• Task directions: Apart from the pictures, write out all the records exactly.

• Input:
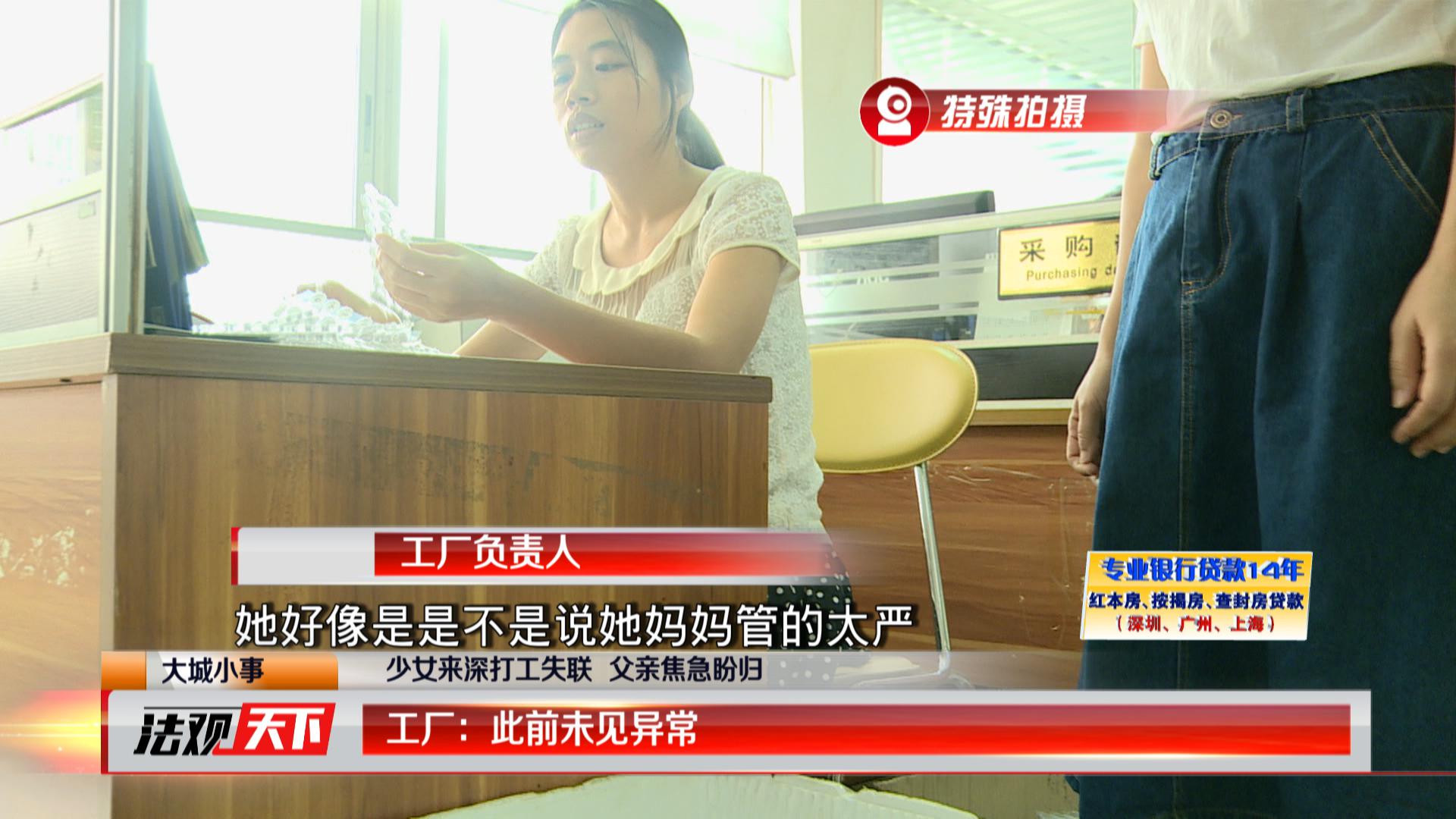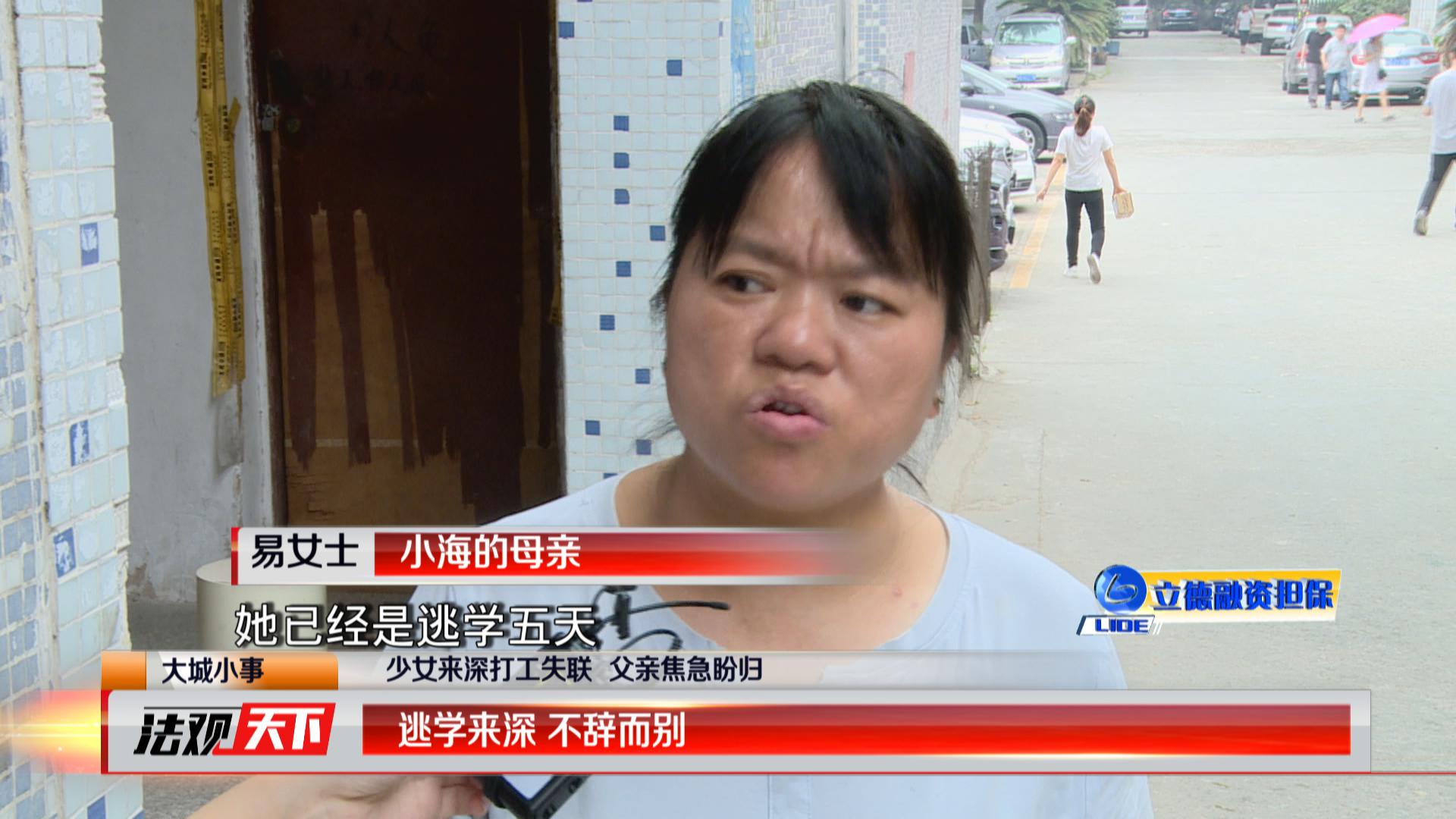 与小琴一起失踪的还有小海,小海今年才14岁,是小琴的初中同学,两人当初是一起从邵阳逃学来到深圳的。小海和小琴来到深圳后,跟易女士进了同一家工厂。9月30号晚上,正是易女士最先发现两个女孩失踪的。她告诉记者,此前两个孩子一直都很正常。女儿突然不辞而别,至今十多天没有跟家人联系,她既担心又不解。小海的母亲易女士告诉记者,这么多年以来,都是小海的奶奶把她带大的。自己一直在外面打工挣钱,觉得小海跟她的感情也不深。
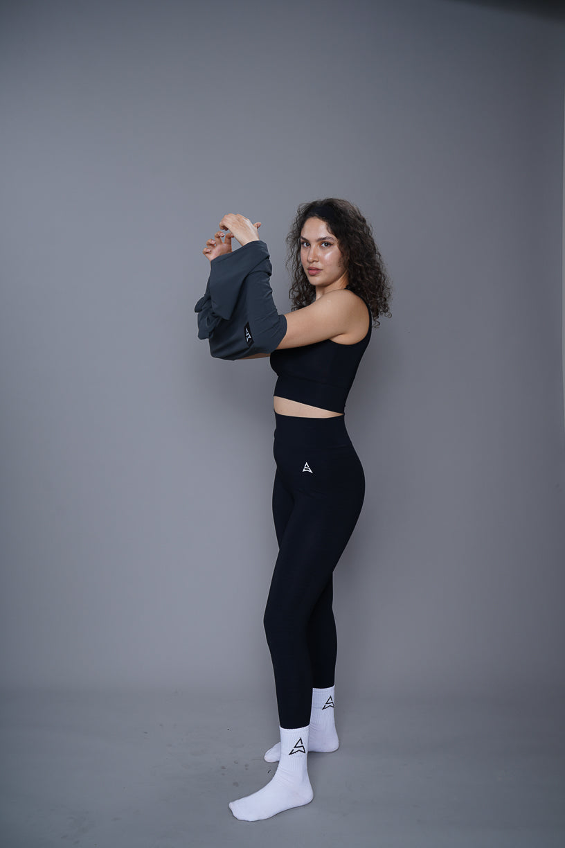 Cette tenue se compose de trois pièces essentielles : un top moderne et confortable, un legging ajusté qui épouse parfaitement la silhouette, et un pull-over size de taille généreuse pour une touche de confort supplémentaire. Conçue pour allier praticité et style, cette tenue offre une liberté de mouvement idéale tout en restant élégante et avec chaussette gratuit.
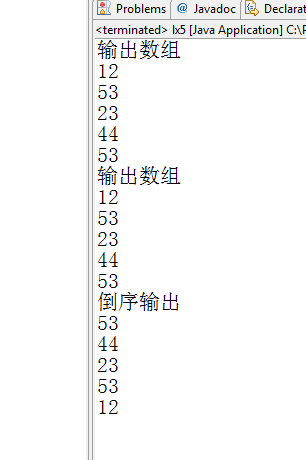 package ktlx; public class lx5 { /** * @param args */ public static void main(String[] args) { // TODO Auto-generated method stub int []a={12,53,23,44,53}; System.out.println("输出数组"); for(int i=0;i<a.length;i++){ System.out.println(a[i]); } System.out.println("输出数组"); for(int i:a){ System.out.println(i); } System.out.println("倒序输出"); for(int i=4;i>=0;i--){ System.out.println(a[i]); } } }
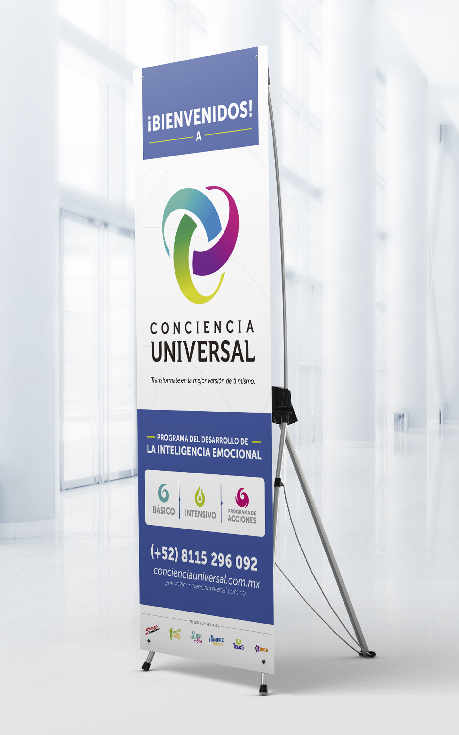 Conciencia Universal, es una Marca, que ofrece a sus clientes, cursos y talleres orientados a desarrollar la Inteligencia Emocional. En este proyecto en particular se tuvo la oportunidad de acompañar al cliente en el desarrollo de la Marca, y su debido Registro ante el IMPI, logrando su acreditación.
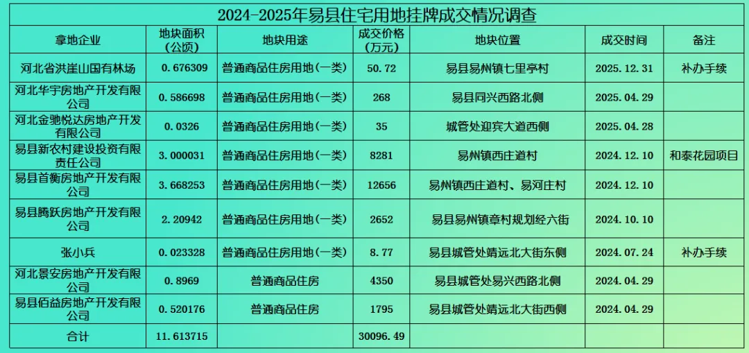 (2024-2025易县住宅用地挂牌成交情况调查)
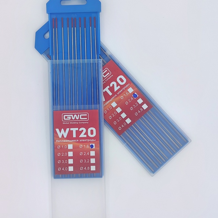 Электроды WT-20 вольфрамовые применяются для аргонодуговой сварки , подходят для сварочных работ с большинством существующих марок сталей, чугуна, титана и многих цветных металлов и их сплавов. Исключение алюминий. В составе содержит 2% диоксида тория. Рекомендуется производить сварку электродом WT-20 на постоянном токе (DC).
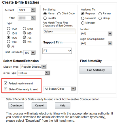 - On the Create E-file Batches screen in the Select Return/Extension section, select only the States/Cities ready to send option.
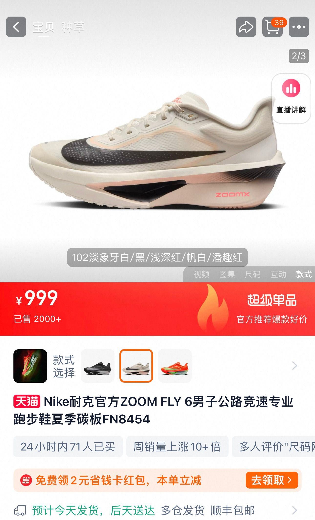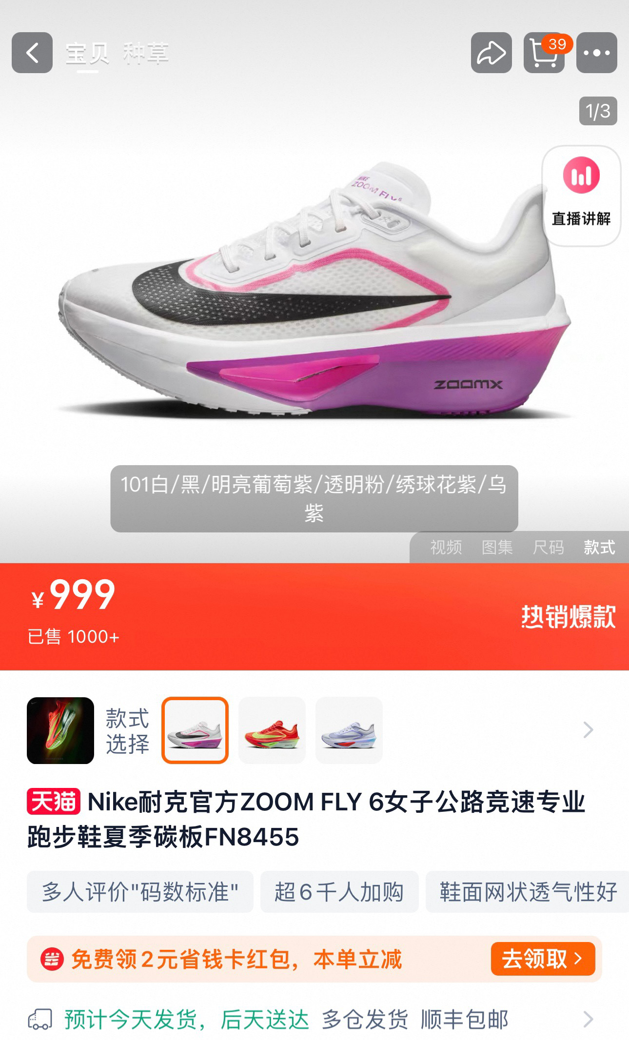 已入库,最高版本 极具性价比,25最新版 NIKE ZOOM FIY6”男女款碳板竞速跑步鞋,亲测上脚非常舒适,日常休闲 运动 跑步 打球 健身 皆可穿!全网最火爆的五个配色,马上开秒🔛
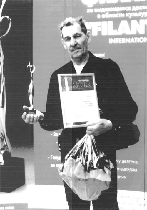 Но история с Владимиром Букиным, писателем, лауреатом международной премии «Филантроп» (на снимке из личного архива Букина вы видите момент его награждения этой премией) и его подругой Тамарой Васильевной Гавриловой – блокадницей Ленинграда, потерявшей всех родных и близких в той самой войне, 75-летие Победы в которой так горделиво нынче отмечает страна, меня поразила в самое сердце. А тут ещё этот фильм (названия не знаю, смотрю урывками в перерывах между работой) о немецком мальчике, сыне начальника фашистского концлагеря для евреев. Мальчик поверил отцу, что там заботятся о людях, и пошел внутрь к другу, надев на себя арестантскую робу. А там их завели в камеру и пустили газ. Все погибли.
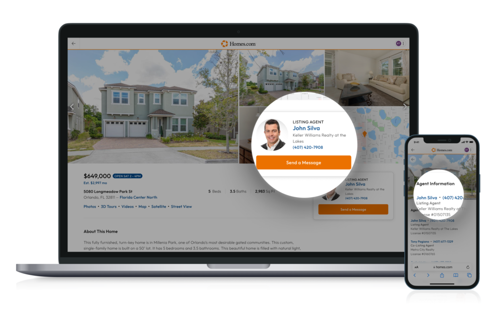 At Homes.com, our priority is ensuring that buyers will always get the true listing agent for any home they are looking at. We only connect you with the real listing agent for the home so you can trust that you’ll be speaking with the agent who represents the seller, knows the house, and can answer all of your questions.
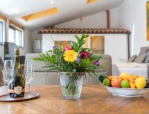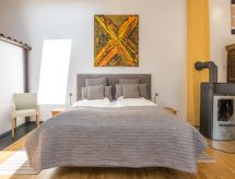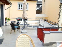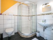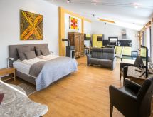 "Falkenhorst", 1-Zimmer-Wohnung 70 m2 im 1. Stock. Geschmackvoll eingerichtet: Wohn-/Schlafzimmer 63 m2 mit 1 Doppelbett (180 cm, Länge 200 cm), Schwedenofen und Sat-TV (Flachbildschirm). Ausgang zum Balkon. Kochnische (Backofen, Geschirrspüler, 5 Glaskeramikherd Platten, Toaster, Wasserkocher, elektrische Kaffeemaschine). Dusche/WC, sep. WC. Grosser Balkon 50 m2. Balkonmöbel, Gartengrill (mobil), Liegestühle (2). Sehr schöne Sicht auf den Fluss. Zur Verfügung: Haartrockner, Holz (extra). Internet (Wireless LAN, gratis). Bitte beachten: Nichtraucher-Unterkunft. Maximal 2 Haustiere/Hunde erlaubt. Rauchmelder. Der Balkon ist teilweise überdacht. Informieren Sie sich im über den vorhandenen TV Apparat. Ob lokale Neuigkeiten oder internationale Nachrichten, mit dem Fernsehen sind sie stehts gut informiert.- Ausstattung
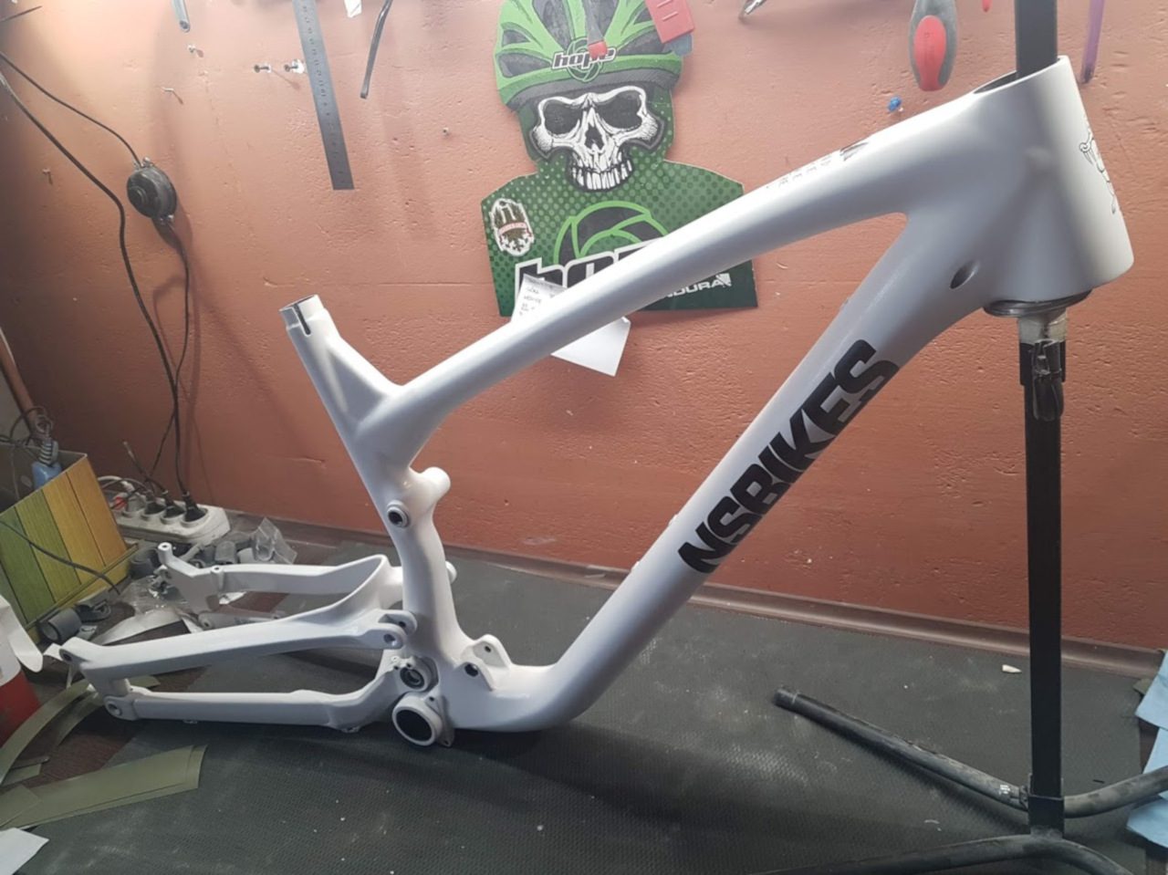 - napis NS Bikes na dolnej rurze – tu mieliśmy dylemat jak ma być umieszczony, ale z racji montażu fabrycznej osłony w dolnej części rury, zdecydowaliśmy się umieścić napisy po dwóch stronach ramy
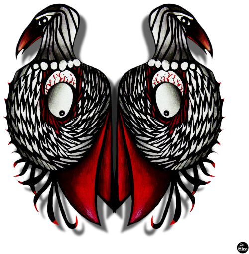 Seria Ptaków/ptaszków surrealistycznych, dla każdego coś się znajdzie...  oryginal grafik: technika mieszana na papierze wykonany przez MICA.

• Task output:
 与小琴一起失踪的还有小海,小海今年才14岁,是小琴的初中同学,两人当初是一起从邵阳逃学来到深圳的。小海和小琴来到深圳后,跟易女士进了同一家工厂。9月30号晚上,正是易女士最先发现两个女孩失踪的。她告诉记者,此前两个孩子一直都很正常。女儿突然不辞而别,至今十多天没有跟家人联系,她既担心又不解。小海的母亲易女士告诉记者,这么多年以来,都是小海的奶奶把她带大的。自己一直在外面打工挣钱,觉得小海跟她的感情也不深。
 Cette tenue se compose de trois pièces essentielles : un top moderne et confortable, un legging ajusté qui épouse parfaitement la silhouette, et un pull-over size de taille généreuse pour une touche de confort supplémentaire. Conçue pour allier praticité et style, cette tenue offre une liberté de mouvement idéale tout en restant élégante et avec chaussette gratuit.
 package ktlx; public class lx5 { /** * @param args */ public static void main(String[] args) { // TODO Auto-generated method stub int []a={12,53,23,44,53}; System.out.println("输出数组"); for(int i=0;i<a.length;i++){ System.out.println(a[i]); } System.out.println("输出数组"); for(int i:a){ System.out.println(i); } System.out.println("倒序输出"); for(int i=4;i>=0;i--){ System.out.println(a[i]); } } }
 Conciencia Universal, es una Marca, que ofrece a sus clientes, cursos y talleres orientados a desarrollar la Inteligencia Emocional. En este proyecto en particular se tuvo la oportunidad de acompañar al cliente en el desarrollo de la Marca, y su debido Registro ante el IMPI, logrando su acreditación.
 (2024-2025易县住宅用地挂牌成交情况调查)
 Электроды WT-20 вольфрамовые применяются для аргонодуговой сварки , подходят для сварочных работ с большинством существующих марок сталей, чугуна, титана и многих цветных металлов и их сплавов. Исключение алюминий. В составе содержит 2% диоксида тория. Рекомендуется производить сварку электродом WT-20 на постоянном токе (DC).
 - On the Create E-file Batches screen in the Select Return/Extension section, select only the States/Cities ready to send option.
 已入库,最高版本 极具性价比,25最新版 NIKE ZOOM FIY6”男女款碳板竞速跑步鞋,亲测上脚非常舒适,日常休闲 运动 跑步 打球 健身 皆可穿!全网最火爆的五个配色,马上开秒🔛
 Но история с Владимиром Букиным, писателем, лауреатом международной премии «Филантроп» (на снимке из личного архива Букина вы видите момент его награждения этой премией) и его подругой Тамарой Васильевной Гавриловой – блокадницей Ленинграда, потерявшей всех родных и близких в той самой войне, 75-летие Победы в которой так горделиво нынче отмечает страна, меня поразила в самое сердце. А тут ещё этот фильм (названия не знаю, смотрю урывками в перерывах между работой) о немецком мальчике, сыне начальника фашистского концлагеря для евреев. Мальчик поверил отцу, что там заботятся о людях, и пошел внутрь к другу, надев на себя арестантскую робу. А там их завели в камеру и пустили газ. Все погибли.
 At Homes.com, our priority is ensuring that buyers will always get the true listing agent for any home they are looking at. We only connect you with the real listing agent for the home so you can trust that you’ll be speaking with the agent who represents the seller, knows the house, and can answer all of your questions.
 "Falkenhorst", 1-Zimmer-Wohnung 70 m2 im 1. Stock. Geschmackvoll eingerichtet: Wohn-/Schlafzimmer 63 m2 mit 1 Doppelbett (180 cm, Länge 200 cm), Schwedenofen und Sat-TV (Flachbildschirm). Ausgang zum Balkon. Kochnische (Backofen, Geschirrspüler, 5 Glaskeramikherd Platten, Toaster, Wasserkocher, elektrische Kaffeemaschine). Dusche/WC, sep. WC. Grosser Balkon 50 m2. Balkonmöbel, Gartengrill (mobil), Liegestühle (2). Sehr schöne Sicht auf den Fluss. Zur Verfügung: Haartrockner, Holz (extra). Internet (Wireless LAN, gratis). Bitte beachten: Nichtraucher-Unterkunft. Maximal 2 Haustiere/Hunde erlaubt. Rauchmelder. Der Balkon ist teilweise überdacht. Informieren Sie sich im über den vorhandenen TV Apparat. Ob lokale Neuigkeiten oder internationale Nachrichten, mit dem Fernsehen sind sie stehts gut informiert.- Ausstattung
 - napis NS Bikes na dolnej rurze – tu mieliśmy dylemat jak ma być umieszczony, ale z racji montażu fabrycznej osłony w dolnej części rury, zdecydowaliśmy się umieścić napisy po dwóch stronach ramy
 Seria Ptaków/ptaszków surrealistycznych, dla każdego coś się znajdzie...  oryginal grafik: technika mieszana na papierze wykonany przez MICA.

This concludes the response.